I'm noticing more and more articles like this coming from the left, to which the only appropriate response is: "Okay, we disagree. Let's have a discussion. Just don't lock me up for disagreeing." Freedom. It isn't something to scoff at.
I think the general points of the article (and my primary feelings as well) is that there are a significant amount of very well paid software engineers who think income inequality is a very bad thing and the best way to tackle it is to increase taxes on the wealthy (including themselves). And that we need to come back together as a society where "we're in it together" instead of a society of private fire departments and schools.
That isn't "hating libertarians", its just a disagreement.
No one is scoffing at your Freedom, we just have different ideas as to what freedom should consist of. Personal and individual freedoms- very good. Economic freedom to plunder and horde- very bad.
And using words like "plunder" and "horde" suggest to me you are conflating free markets with capitalist imperialism, which is a very common myth. Imperialism is force, of course, and is intolerable.
"...hear that the richest 5% of the people have half the total wealth, they tend to think injustice! An experienced programmer would be more likely to think is that all? The top 5% of programmers probably write 99% of the good software."
I've never understood this quote.

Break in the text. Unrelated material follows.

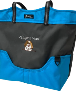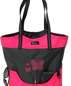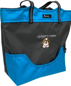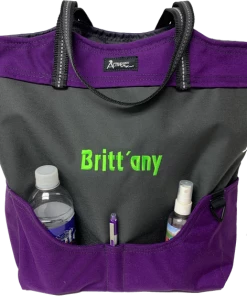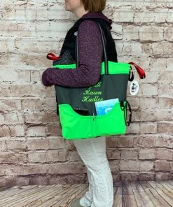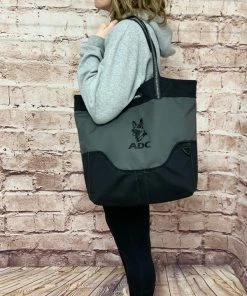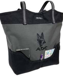 You can fit so much in this size tote. It is large 16” tall, 14” wide and 6” deep. The handles are long enough to comfortably fit over your shoulder. The handles are made from a no-slip rubberized webbing, with an added reflective tape running through them. This exclusive stunning tote bag is tastefully done in gray and accent color.
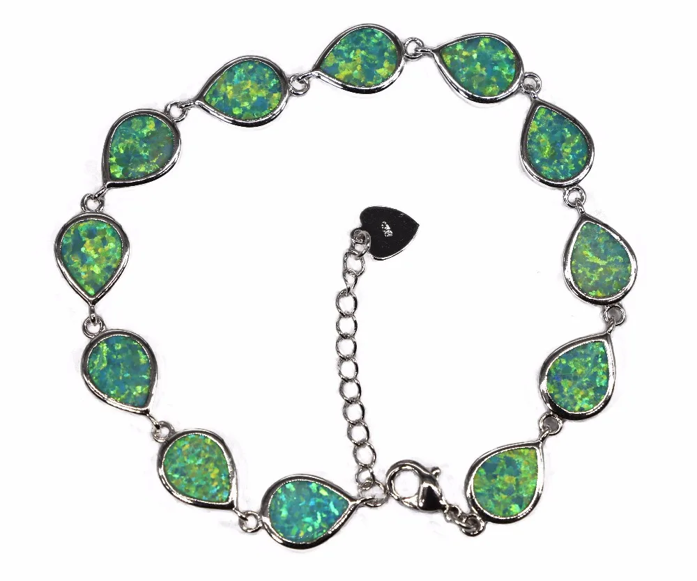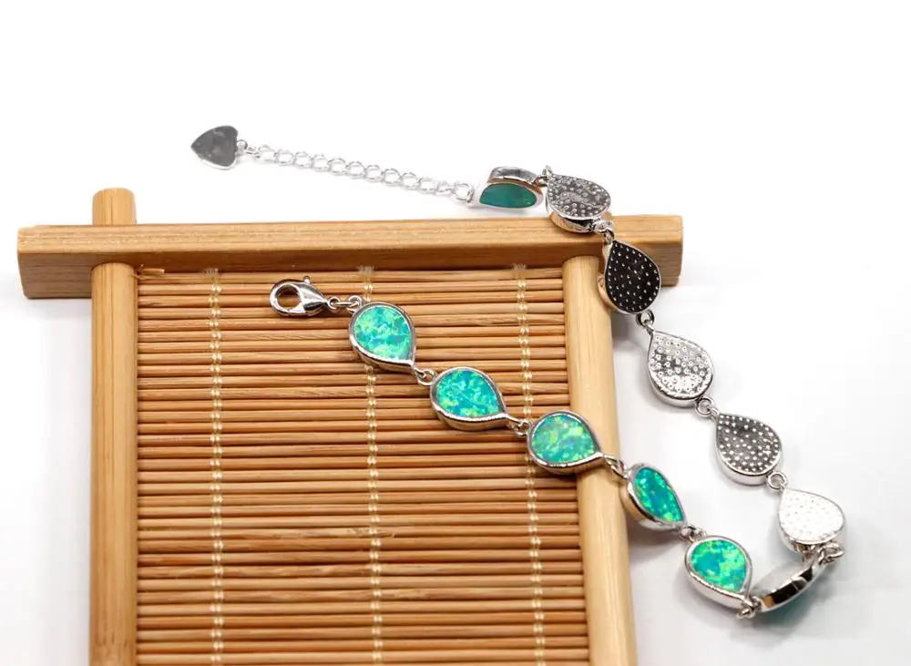 SZ0002 Water Drop Green Opal Bracelets Silver Plated 925 Stamped Friendship Bracelets For Women Jew

First thing I don't understand is the last sentence -- I can't really imagine any scenario in which 5% of programmers have written 99% of the good software. What must PG's standards of good software be in order for this to be true? If anything, software development seems like a place where there is a healthy supply of people writing "good code", often working in large teams to make great projects.
Second thing I don't understand is his analogy -- he's claiming that programming accomplishments is to software developers as money is to the rich? Huh? Is wealth a skill? So we've just assumed that because someone is rich, that it obviously means they've earned it through hard work... and not only hard work, but hard work on the order of how much time and effort was spent developing 99% of the good code in the world, which to me sounds problematic at best.
Secondly, 5% producing 99% sounds very reasonable. If you ever have the misfortune of having to work with code written by contracted companies, you would realize a LOT of code is slapped together with no care at all. The average person contributing to open source or participating on hacker news cares. The average person coding is looking for a paycheck, and doesn't give a single damn.
Also -- you'd have to make vast assumptions to claim that such a huge percentage of programmers just don't care, enough to the point where their code isn't "good". It's not at all reasonable. I wouldn't consider myself in the top 5%, surely there are those who are more driven to improve their skill. But I wouldn't at all say that my code is careless or definitely not "good". Also Hacker News commenting doesn't really require caring, it just requires free time -- not sure what you're going for there.
[1] http://philanthropy.com/article/The-Stubborn-2-Giving-Rate/1...
Oh, and the reason rents are high in San Francisco is because there's too much regulation, not because there's too much money there.